I am 20. It is a rainy June evening in the basement of a smoke-filled house. We are playing a drinking game that involves guessing the value of the next card in the deck. However many digits away from your guess indicates the number of drinks you take. The rules are not too complicated. If the correct card is guessed, everybody else has to drink, and you’re allowed to choose to continue your turn, compounding the number of drinks with each additional card.

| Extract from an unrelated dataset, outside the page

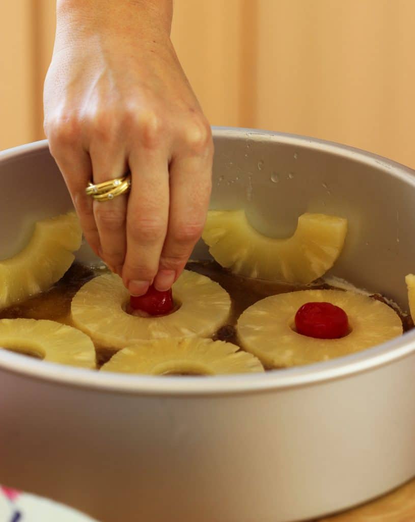 - Arrange the pineapples and cherries on top of the butter mixture and up the sides, if desired. Set aside.

A card counter I am not, but maybe someone in my brain is. On my first turn, I pick 8, a relatively safe bet considering its location in the middle of the deck. Dead on. I elect to continue. My next prediction: 3. Dead on. As the confidence pulsates through me, watching my friends drink their drinks, I stand up and shout, “This game is too easy. Queen of hearts!” The next card is flipped, revealing a red lady, the right red lady, and the entire room erupts in cheers.

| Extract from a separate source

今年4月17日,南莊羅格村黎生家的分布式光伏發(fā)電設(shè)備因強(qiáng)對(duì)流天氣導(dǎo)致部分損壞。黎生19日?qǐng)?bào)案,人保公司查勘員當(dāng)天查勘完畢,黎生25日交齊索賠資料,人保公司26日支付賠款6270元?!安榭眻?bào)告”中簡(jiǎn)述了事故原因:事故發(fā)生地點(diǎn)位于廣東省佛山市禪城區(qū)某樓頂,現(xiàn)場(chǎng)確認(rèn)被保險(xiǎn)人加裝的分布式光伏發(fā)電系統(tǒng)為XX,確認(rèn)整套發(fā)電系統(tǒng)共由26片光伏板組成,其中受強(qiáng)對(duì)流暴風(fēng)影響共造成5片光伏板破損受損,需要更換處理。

At one point the upstairs neighbour comes down to try to make us be quiet, even threatening to call the cops on us. I reply, “You go back up to your own place or I’ll call the cops ON YOU!” I get another ovation, and the neighbour slinks back upstairs.
I am hailed a hero for the rest of the night and even a few times in the future when the story is referenced by someone else. However, as glorious as that night was, when the queen of hearts showed herself, I could not enjoy it, for I knew I would never again reach these triumphant heights.